MATERIAL FOR THE TASK
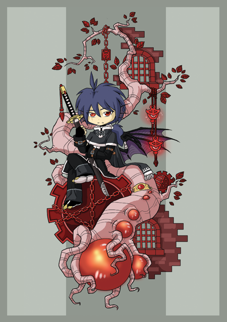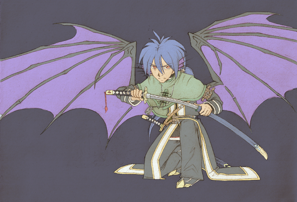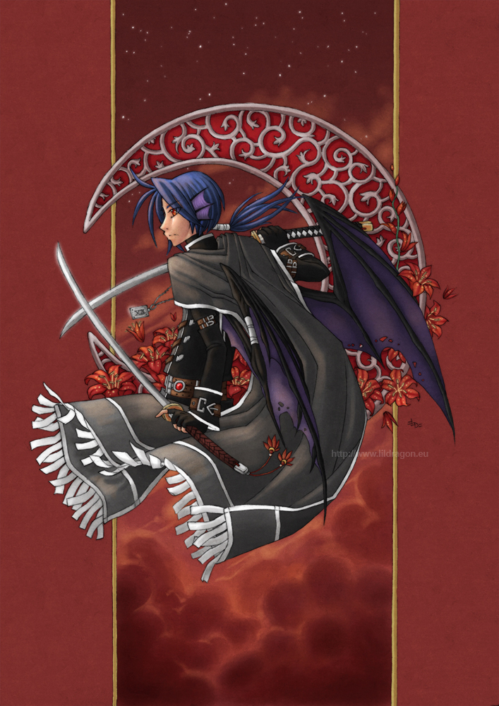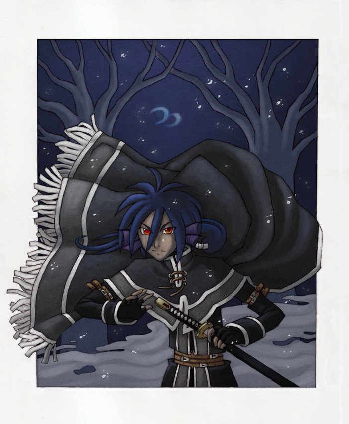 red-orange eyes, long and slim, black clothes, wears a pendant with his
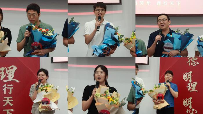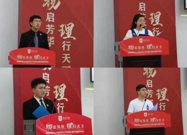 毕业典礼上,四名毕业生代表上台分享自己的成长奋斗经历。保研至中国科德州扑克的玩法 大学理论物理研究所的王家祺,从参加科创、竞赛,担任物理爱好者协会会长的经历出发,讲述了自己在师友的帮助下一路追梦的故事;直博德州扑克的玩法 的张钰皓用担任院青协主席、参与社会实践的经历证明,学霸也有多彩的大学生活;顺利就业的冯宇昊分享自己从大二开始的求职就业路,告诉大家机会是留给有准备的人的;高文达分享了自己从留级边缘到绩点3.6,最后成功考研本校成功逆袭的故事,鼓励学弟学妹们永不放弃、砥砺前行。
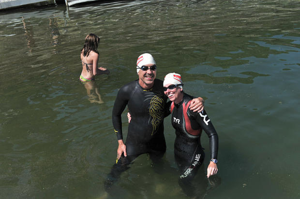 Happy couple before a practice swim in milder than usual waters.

--

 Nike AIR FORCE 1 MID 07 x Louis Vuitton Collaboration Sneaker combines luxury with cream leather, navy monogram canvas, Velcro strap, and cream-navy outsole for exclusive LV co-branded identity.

ACTION ITEM
In the listing above, find the line with "red-orange eyes, long" and output it and every line after it up to and including the line with "Happy couple before", exactly, minus the pictures.

EXPECTED ANSWER
 red-orange eyes, long and slim, black clothes, wears a pendant with his
 毕业典礼上,四名毕业生代表上台分享自己的成长奋斗经历。保研至中国科德州扑克的玩法 大学理论物理研究所的王家祺,从参加科创、竞赛,担任物理爱好者协会会长的经历出发,讲述了自己在师友的帮助下一路追梦的故事;直博德州扑克的玩法 的张钰皓用担任院青协主席、参与社会实践的经历证明,学霸也有多彩的大学生活;顺利就业的冯宇昊分享自己从大二开始的求职就业路,告诉大家机会是留给有准备的人的;高文达分享了自己从留级边缘到绩点3.6,最后成功考研本校成功逆袭的故事,鼓励学弟学妹们永不放弃、砥砺前行。
 Happy couple before a practice swim in milder than usual waters.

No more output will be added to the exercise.